Memory Bandwidth. B200 pushes to 8.0 TB/s. H100 maxes at 3.35 TB/s. That's 2.4x wider. Wider bandwidth means faster weight updates during training, fewer stalls during inference. The increase comes from wider HBM3e channels (12 Gbps per pin, up from 10 Gbps in H100) and more channels per GPU (12 vs 8).

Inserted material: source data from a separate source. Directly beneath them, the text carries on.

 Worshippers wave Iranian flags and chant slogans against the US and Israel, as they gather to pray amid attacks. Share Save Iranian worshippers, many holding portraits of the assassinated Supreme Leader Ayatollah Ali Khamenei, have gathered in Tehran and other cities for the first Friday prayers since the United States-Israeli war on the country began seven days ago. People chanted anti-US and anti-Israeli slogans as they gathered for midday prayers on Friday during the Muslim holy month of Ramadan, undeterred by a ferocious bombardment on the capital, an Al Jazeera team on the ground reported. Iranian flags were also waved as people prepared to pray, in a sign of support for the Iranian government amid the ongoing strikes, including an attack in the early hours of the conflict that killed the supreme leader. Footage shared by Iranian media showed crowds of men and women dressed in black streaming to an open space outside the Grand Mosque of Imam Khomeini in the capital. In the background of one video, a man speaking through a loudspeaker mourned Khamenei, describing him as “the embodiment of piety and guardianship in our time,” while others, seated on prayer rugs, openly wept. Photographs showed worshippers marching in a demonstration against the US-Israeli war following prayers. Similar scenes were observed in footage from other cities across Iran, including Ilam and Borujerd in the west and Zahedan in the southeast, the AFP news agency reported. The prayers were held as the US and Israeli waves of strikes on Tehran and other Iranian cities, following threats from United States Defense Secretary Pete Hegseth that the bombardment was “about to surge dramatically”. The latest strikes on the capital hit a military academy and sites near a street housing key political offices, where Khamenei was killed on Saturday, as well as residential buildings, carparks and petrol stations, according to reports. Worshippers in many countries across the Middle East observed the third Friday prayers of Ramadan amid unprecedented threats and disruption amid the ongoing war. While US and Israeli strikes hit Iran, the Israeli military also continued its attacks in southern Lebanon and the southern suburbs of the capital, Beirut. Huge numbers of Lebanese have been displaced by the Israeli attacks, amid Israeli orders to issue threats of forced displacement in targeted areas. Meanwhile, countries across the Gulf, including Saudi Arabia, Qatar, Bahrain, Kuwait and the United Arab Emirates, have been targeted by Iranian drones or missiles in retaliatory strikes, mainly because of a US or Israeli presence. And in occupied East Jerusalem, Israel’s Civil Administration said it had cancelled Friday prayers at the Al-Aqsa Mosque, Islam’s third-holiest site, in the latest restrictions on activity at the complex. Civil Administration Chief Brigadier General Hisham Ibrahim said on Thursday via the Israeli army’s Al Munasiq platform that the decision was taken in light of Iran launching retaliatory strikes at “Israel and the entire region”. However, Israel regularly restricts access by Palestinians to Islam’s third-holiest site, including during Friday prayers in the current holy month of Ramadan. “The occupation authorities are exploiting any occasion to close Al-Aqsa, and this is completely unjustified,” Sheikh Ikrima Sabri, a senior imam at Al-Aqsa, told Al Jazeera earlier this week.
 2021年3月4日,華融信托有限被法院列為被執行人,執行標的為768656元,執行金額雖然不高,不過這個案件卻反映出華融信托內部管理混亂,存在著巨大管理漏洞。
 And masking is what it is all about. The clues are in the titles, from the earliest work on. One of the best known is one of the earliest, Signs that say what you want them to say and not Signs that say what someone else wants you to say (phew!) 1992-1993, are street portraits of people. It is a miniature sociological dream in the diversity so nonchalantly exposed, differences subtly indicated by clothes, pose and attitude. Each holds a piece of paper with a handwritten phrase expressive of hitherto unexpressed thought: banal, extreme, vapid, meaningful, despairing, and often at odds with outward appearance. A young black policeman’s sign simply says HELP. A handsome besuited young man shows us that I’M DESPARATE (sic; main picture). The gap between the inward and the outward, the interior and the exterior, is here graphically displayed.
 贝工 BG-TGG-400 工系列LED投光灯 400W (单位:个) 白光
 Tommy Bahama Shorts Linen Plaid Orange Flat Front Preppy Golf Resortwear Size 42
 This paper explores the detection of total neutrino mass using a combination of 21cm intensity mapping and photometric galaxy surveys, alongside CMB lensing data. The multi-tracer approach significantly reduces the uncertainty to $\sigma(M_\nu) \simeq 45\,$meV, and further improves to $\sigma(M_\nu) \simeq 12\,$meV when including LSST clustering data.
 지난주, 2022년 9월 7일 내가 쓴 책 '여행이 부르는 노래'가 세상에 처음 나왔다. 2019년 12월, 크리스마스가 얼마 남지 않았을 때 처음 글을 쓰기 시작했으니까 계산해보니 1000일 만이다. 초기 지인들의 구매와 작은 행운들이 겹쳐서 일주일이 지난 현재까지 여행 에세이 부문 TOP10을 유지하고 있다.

FP8 Tensor Performance. B200 native FP8 tensors hit 4,500 TFLOPS dense (9,000 TFLOPS with sparsity), compared to H100's 3,958 TFLOPS with sparsity. For inference quantized to 8-bit, B200 is near-native speed. H100 requires casting overhead. FP4 (4-bit) performance: B200 reaches 9,000 TFLOPS dense (18,000 TFLOPS with sparsity). Real-world FP4 training is rare, but research projects benefit.
Transformer Engine 2.0. B200 builds on H100's Transformer Engine (specialized hardware for attention and FFN layers) with wider datapaths and lower-latency sparsity support. Better auto-quantization, fewer precision drops. Structured sparsity (NVIDIA Sparsity) now supports both column and row pruning. Dynamic sparsity (pruning during training) is accelerated.

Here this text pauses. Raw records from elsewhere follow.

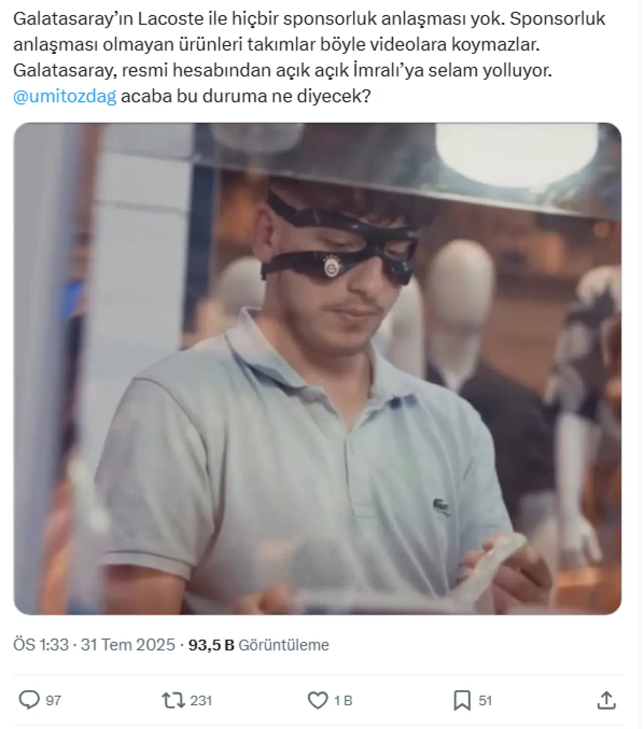 Galatasaray'ın Victor Osimhen transferi için yayınladığı tanıtım videosundaki giyilen tişörtler sosyal medyaya damga vurdu. Tişörtlerden birisinin Ederson transferini işaret ettiği öne sürülürken, diğer tişörtün terörist başı Abdullah Öcalan’ın giydiği Lacoste tişörtle bire bir aynı olduğu iddia edildi.
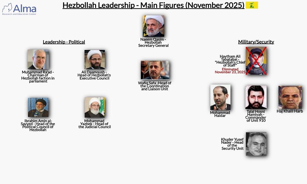 نشر مركز “ألما” الإسرائيلي عبر حسابه على منصة “إكس”، صورة يظهر فيها عدداً من القياديين في “حزب الله” على رأسهم الأمين العام للحزب، الشيخ نعيم قاسم، يليه النائب محمد رعد.
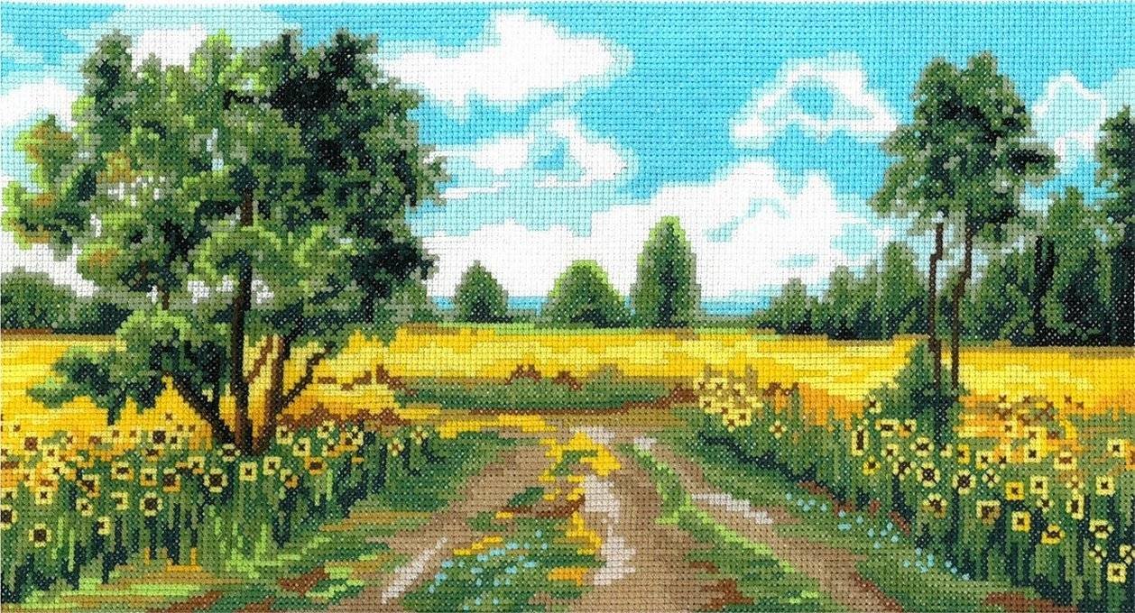 Лесной и сельский пейзаж особо любим молодыми рукодельницами. Для вышивания выбирается несложная схема, цветовая гамма включает основные цвета без трудных переходов. Летние пейзажи сельской местности радуют своим разнообразием луговых трав, цветов, белыми березами и яркими насыщенными красками.
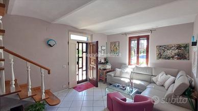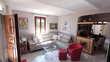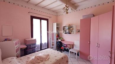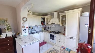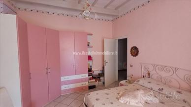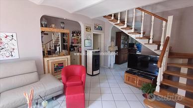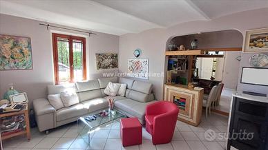 Il secondo appartamento dispone al piano terra di ingresso e cucina/pranzo con stufa a pellet, soggiorno con caminetto; al piano primo (salendo la scala presente in soggiorno in ferro e legno) dispone di due camere matrimoniali (di cui una con balcone), camera singola e bagno con vasca.
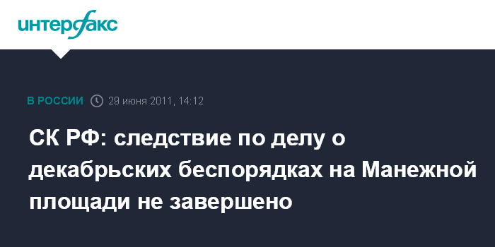 Москва.29 июня. INTERFAX.RU - Следственный комитет РФ не подтвердил сведения о завершении следствия по уголовному делу о беспорядках на Манежной площади 11 декабря 2010 года.
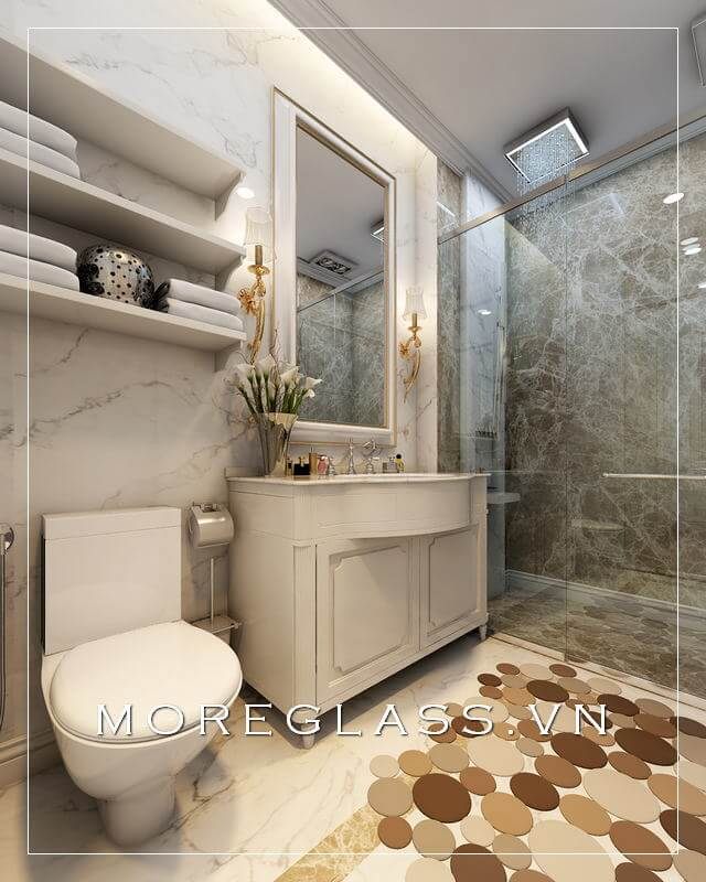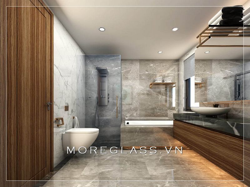 Sử dụng vách tắm kính cường lực để tạo ra một không gian phòng tắm hiện đại, độc đáo và đẳng cấp, giữa phòng tắm và phòng ngủ để tạo ra sự cách ly, sang trọng và tinh tế trong từng chi tiết.

NVLink 5.0. B200 uses NVLink 5.0, up from NVLink 4.0 on H100. NVLink 5.0 bandwidth per GPU: 1,800 GB/s (vs 900 GB/s on H100). Scaling: 8x B200 in NVLink can aggregate substantially higher all-reduce bandwidth than H100 clusters. Latency is 50% lower (thanks to NVIDIA's fabric optimizations). For distributed training with large all-reduce operations (8-64 GPUs), the latency reduction compounds to 20-30% wall-clock speedup.

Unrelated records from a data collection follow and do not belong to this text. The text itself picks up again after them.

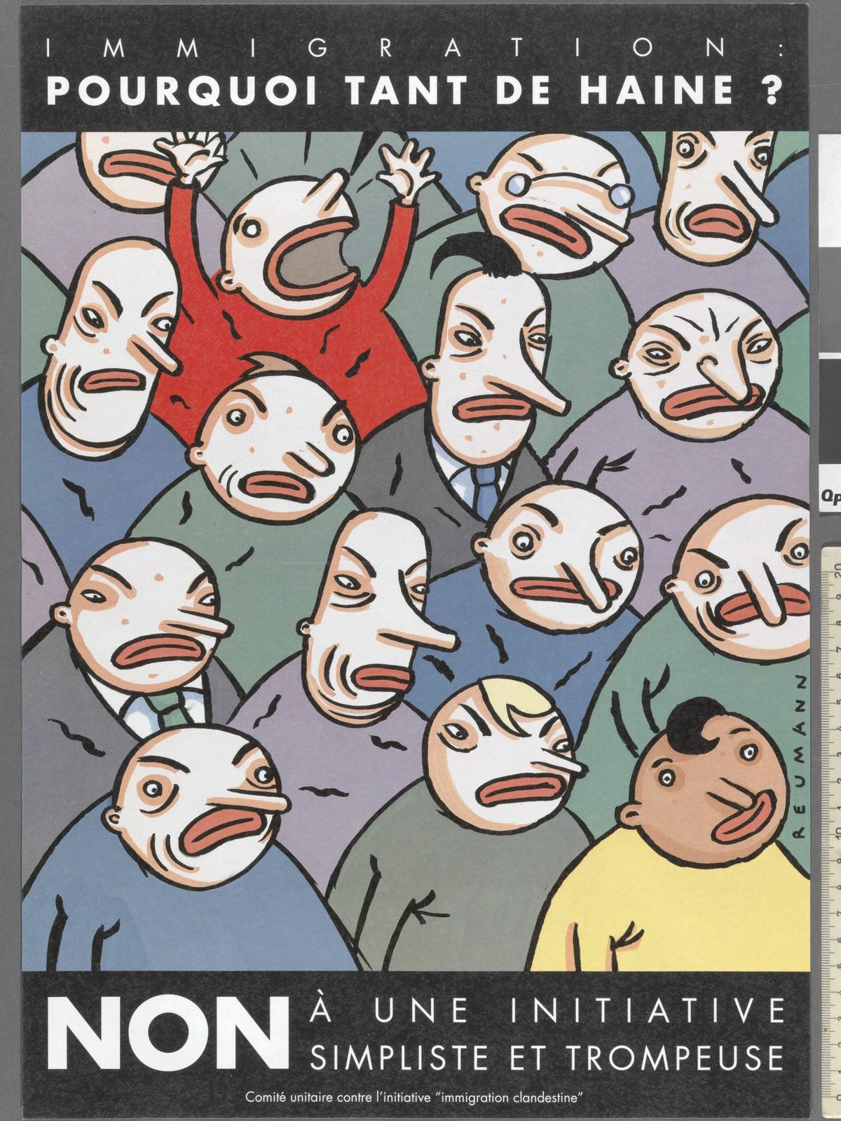 国家のアイデンティティーと安全を守りたいという意思が現れることもあれば、外国人排斥思想や国境開放の必要性を訴えるものもある。政治家は外国人のどこがスイス的でどこがスイス的ではないかと定義づけ、移民政策の法案の是非を訴えるキャンペーンの真ん中に彼らを据えてきた。
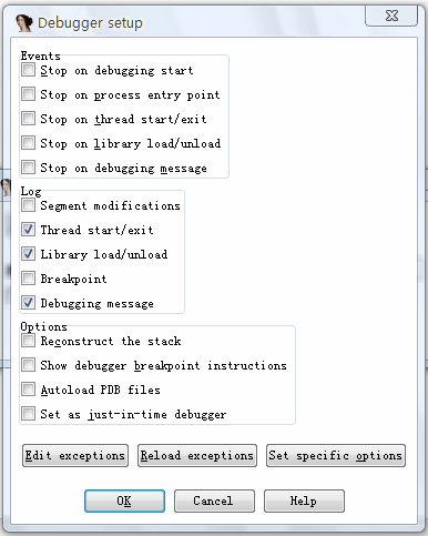 执行Edit exceptions打开异常处理选项窗口,如图12所示。
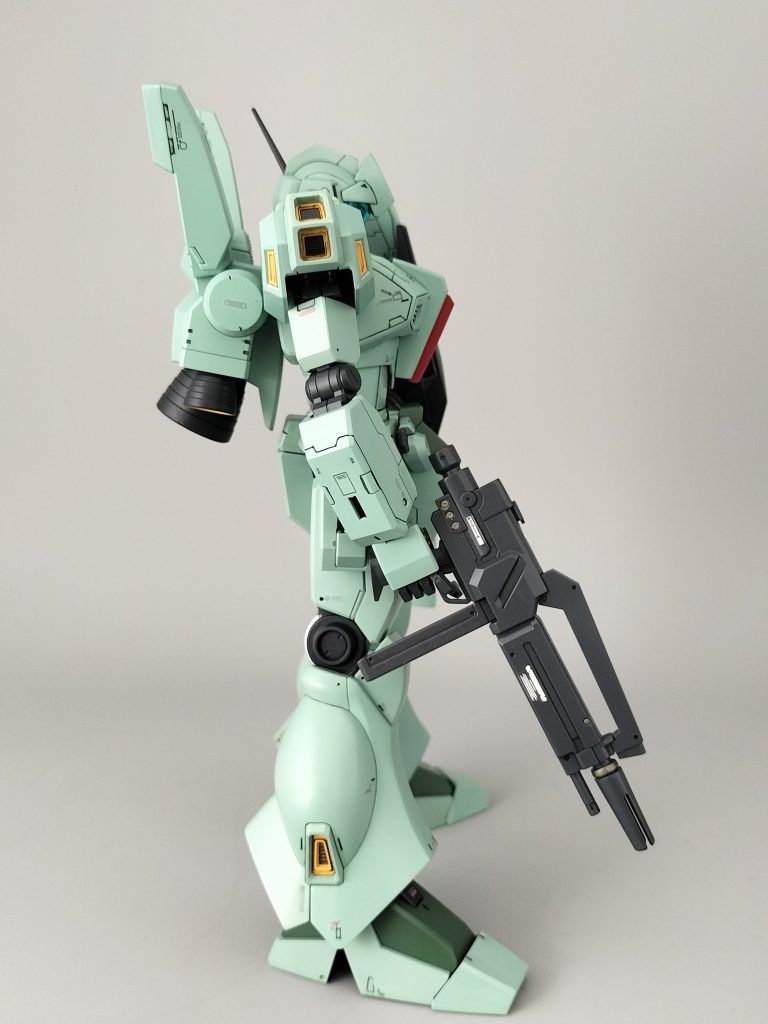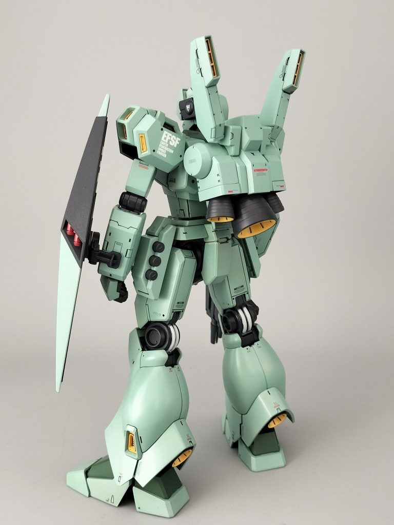 MGを改造するモデラーさんを尊敬します。小生はMGって手を入れる場所あるの!?と思ってしまうものです。胴体を長くした事でスラッとしていいですね。ペイントも終えた完成品で連邦軍の表記デカールがすごく映えています。連邦軍のロゴが映えるジェガン、印象的です。カッコいいです。

Confidence Levels. B200 can run at lower precision with higher accuracy. FP8 on B200 maintains accuracy for models that required FP16 on H100. This is due to wider data paths and improved rounding modes. Implication: teams can quantize models more aggressively (int4, nf4) without losing quality.
PCIe Gen5. B200 supports PCIe Gen5 (32 GB/s per lane vs Gen4's 16 GB/s). Most cloud deployments don't saturate Gen5 yet, but the headroom is there for future multi-GPU aggregation (PCIe-based GPU communication scales with Gen5).
Memory & Bandwidth
Capacity
192GB is transformative for inference. Load most models without quantization.
70B model (fp16): Needs 140GB. B200 fits it plus KV cache (5-10GB). H100 requires quantization.
140B model (fp16): Needs 280GB. B200 alone is insufficient. Pair two B200s (384GB aggregate). H100 would need four GPUs.
This changes the math for large-model serving. One B200 can replace two H100s for serving 70B unquantized. For 140B+, B200 reduces GPU count compared to H100.
Bandwidth
8.0 TB/s is the real upgrade. Token generation (autoregressive inference) is memory-bandwidth-bound: read model weights, output embeddings, attention KV cache, compute attention. For every forward pass, the memory bus is the limiter.
A100: 1.935 TB/s. H100: 3.35 TB/s. B200: 8.0 TB/s.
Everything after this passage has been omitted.